• **SOURCE MATERIAL**

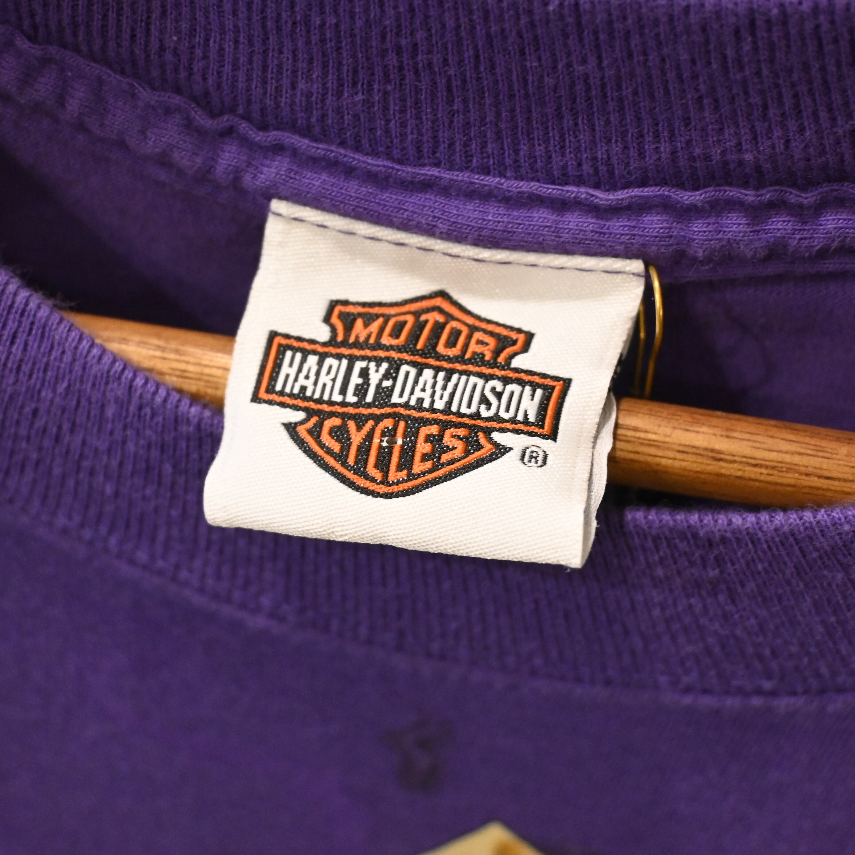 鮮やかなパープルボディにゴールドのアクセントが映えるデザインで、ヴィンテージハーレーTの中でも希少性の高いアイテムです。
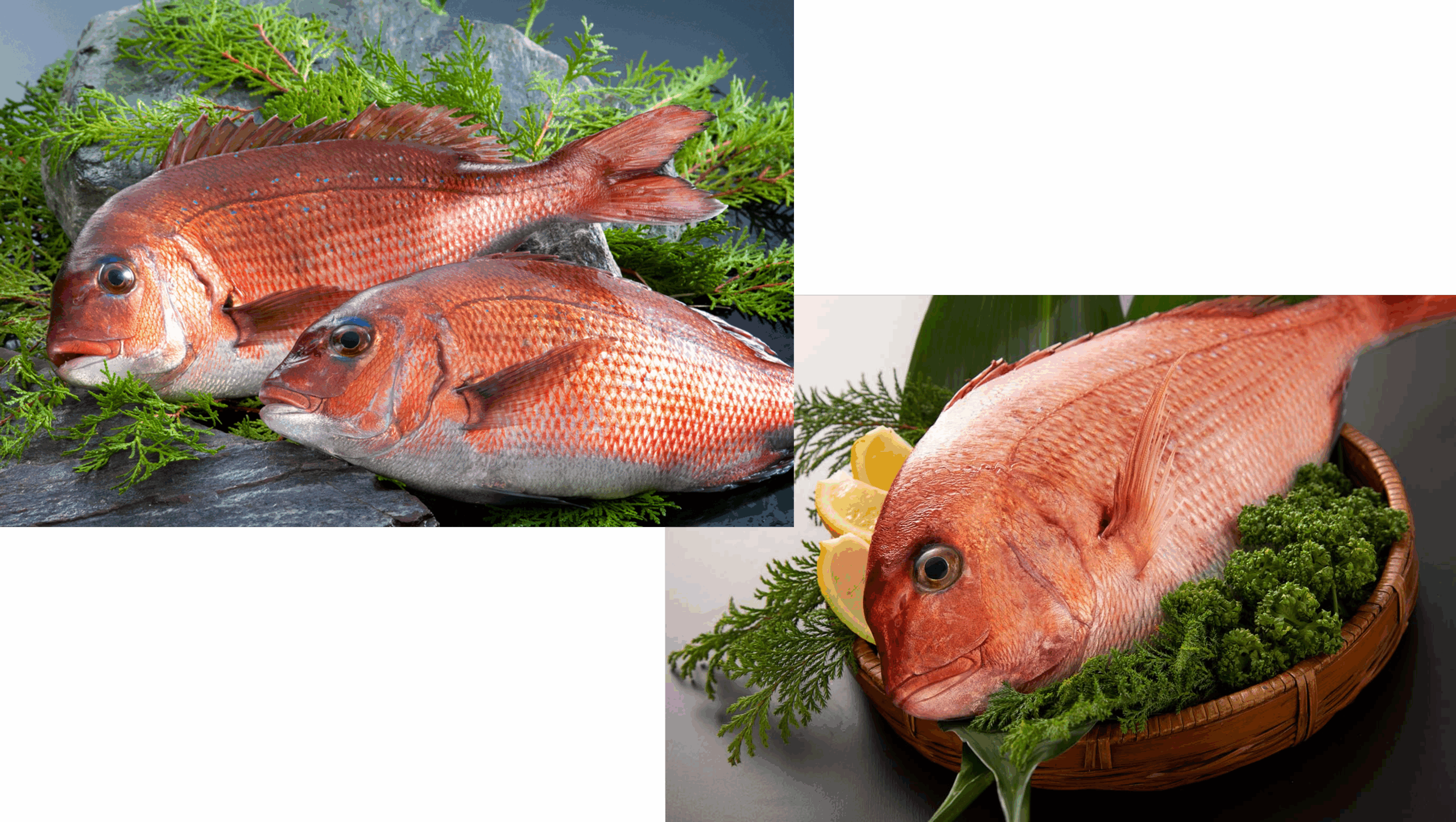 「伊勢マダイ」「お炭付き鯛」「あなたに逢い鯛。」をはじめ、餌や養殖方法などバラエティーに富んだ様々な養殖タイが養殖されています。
---
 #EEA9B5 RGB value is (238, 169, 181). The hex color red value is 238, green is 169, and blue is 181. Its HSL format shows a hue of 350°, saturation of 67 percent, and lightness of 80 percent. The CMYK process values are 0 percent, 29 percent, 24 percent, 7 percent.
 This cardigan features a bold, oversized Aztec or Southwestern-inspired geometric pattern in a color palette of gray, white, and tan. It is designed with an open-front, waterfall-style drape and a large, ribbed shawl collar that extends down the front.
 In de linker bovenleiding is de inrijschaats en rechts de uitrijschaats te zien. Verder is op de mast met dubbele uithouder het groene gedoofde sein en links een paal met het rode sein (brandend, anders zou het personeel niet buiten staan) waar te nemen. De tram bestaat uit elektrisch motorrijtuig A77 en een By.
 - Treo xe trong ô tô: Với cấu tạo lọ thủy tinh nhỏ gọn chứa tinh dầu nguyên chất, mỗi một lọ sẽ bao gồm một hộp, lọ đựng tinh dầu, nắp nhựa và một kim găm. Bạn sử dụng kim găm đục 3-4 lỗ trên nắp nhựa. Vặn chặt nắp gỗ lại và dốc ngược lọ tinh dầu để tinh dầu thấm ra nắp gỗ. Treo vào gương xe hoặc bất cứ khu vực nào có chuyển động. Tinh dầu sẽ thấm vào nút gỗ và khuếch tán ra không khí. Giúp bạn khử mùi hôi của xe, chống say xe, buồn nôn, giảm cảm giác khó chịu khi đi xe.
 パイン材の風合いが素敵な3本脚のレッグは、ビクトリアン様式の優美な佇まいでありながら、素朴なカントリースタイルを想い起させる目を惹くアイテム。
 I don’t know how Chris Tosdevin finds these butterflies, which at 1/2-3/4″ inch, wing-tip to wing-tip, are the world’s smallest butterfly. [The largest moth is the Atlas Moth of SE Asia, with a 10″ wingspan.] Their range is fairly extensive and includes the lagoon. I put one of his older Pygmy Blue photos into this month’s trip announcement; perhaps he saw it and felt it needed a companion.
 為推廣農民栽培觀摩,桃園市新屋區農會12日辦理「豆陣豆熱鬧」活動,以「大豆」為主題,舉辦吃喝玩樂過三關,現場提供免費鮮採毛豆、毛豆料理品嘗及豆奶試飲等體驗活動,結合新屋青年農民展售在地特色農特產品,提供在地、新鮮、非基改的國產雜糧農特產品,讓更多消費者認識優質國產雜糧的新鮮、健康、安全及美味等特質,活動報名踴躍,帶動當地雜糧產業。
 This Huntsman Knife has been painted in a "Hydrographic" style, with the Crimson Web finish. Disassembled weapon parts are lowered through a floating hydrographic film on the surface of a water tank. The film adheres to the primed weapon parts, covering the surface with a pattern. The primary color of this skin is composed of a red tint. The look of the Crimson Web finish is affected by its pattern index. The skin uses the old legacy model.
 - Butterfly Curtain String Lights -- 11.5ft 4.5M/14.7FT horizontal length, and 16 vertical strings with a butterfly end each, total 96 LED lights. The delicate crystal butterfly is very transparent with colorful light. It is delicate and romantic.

• **REQUIRED WORK**
Only the lines above from the one with "I don’t know" through the one with "為推廣農民栽培觀摩,桃園市新" should be duplicated, character for character.

• **RESULT OF THE EXERCISE**
 I don’t know how Chris Tosdevin finds these butterflies, which at 1/2-3/4″ inch, wing-tip to wing-tip, are the world’s smallest butterfly. [The largest moth is the Atlas Moth of SE Asia, with a 10″ wingspan.] Their range is fairly extensive and includes the lagoon. I put one of his older Pygmy Blue photos into this month’s trip announcement; perhaps he saw it and felt it needed a companion.
 為推廣農民栽培觀摩,桃園市新屋區農會12日辦理「豆陣豆熱鬧」活動,以「大豆」為主題,舉辦吃喝玩樂過三關,現場提供免費鮮採毛豆、毛豆料理品嘗及豆奶試飲等體驗活動,結合新屋青年農民展售在地特色農特產品,提供在地、新鮮、非基改的國產雜糧農特產品,讓更多消費者認識優質國產雜糧的新鮮、健康、安全及美味等特質,活動報名踴躍,帶動當地雜糧產業。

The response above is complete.